En outre, sachant qu’une escadrille (« squadron » en angl.) de chasseurs-bombardiers de la 9th Air Force comptait théoriquement 25 avions, l’estimation du nombre d’appareils mobilisés proposée par MM. Hubert, Paillette et Thimothée nous semble la plus proche de la réalité. Par comparaison, ce premier raid fut d’ailleurs beaucoup moins violent que le second (celui du 2 juin 1944) qui, lui, mobilisa un « Group » de deux « squadrons » de P-47 Thunderbolt (soit 50 avions), comme le rapporte le compte-rendu (que nous présenterons par la suite) de l’Air Chief Marshal Sir Trafford Leigh-Mallory, le commandant en chef des forces aériennes anglaises et américaines dites « tactiques ». Aussi est-ce, selon toute vraisemblance, un « squadron » équipé de 25 Republic P-47 Thunderbolt de l’un des groupes de chasse-bombardement du IX Tactical Air Command qui prit pour cible la gare de Domfront ce 28 mai 1944.

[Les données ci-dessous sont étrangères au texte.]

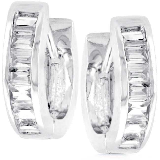 Baguette stones line up a huggie style hoop for a classic put-together look. Our genuine rhodium finish is achieved using an electroplating process that coats the item with heavy layers of rhodium a close cousin to platinum which gives our jewelry a platinum luster.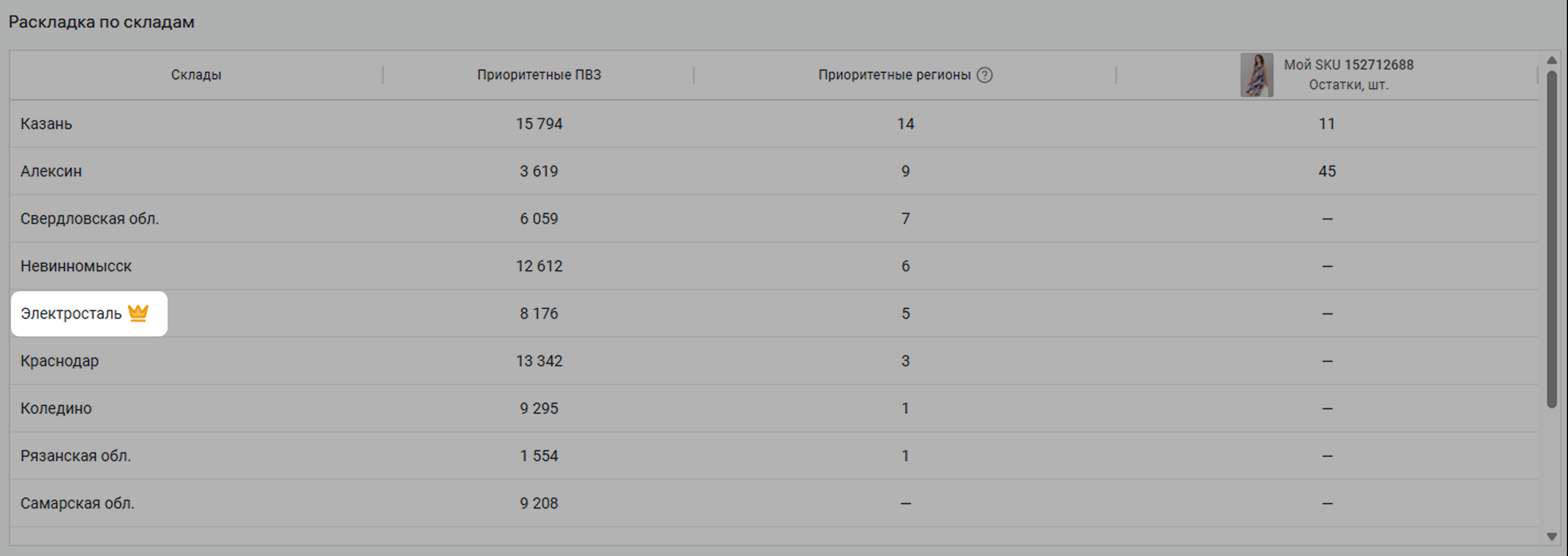Склад, с которого продается больше всего товаров из топ-100 по введенной фразе, отмечен значком короны.

« Après 17 heures, constate Sœur Jeanne, deux avions argentés se contentaient de virevolter à différentes hauteurs – assez longuement il est vrai – avant de s’en retourner comme ils étaient venus ». Il s’agit là selon toute probabilité de deux chasseurs North American P-51 Mustang (au fuselage métallique à base d’alliages d’aluminium) transformés en appareil de reconnaissance photographique. C’est cette version du P-51 (le P-51F-6-C, équipé de deux appareils photographiques K-24) qui était utilisée au sein de la 9th Air Force par le 10th Photographic Reconnaissance Group pour établir le compte-rendu des opérations, en photographiant avec la précision remarquable des Kodak (dont l’un était installé sous le fuselage des appareils et l’autre, dans le flanc gauche) les cibles détruites, endommagées ou laissées intactes et donc à revisiter.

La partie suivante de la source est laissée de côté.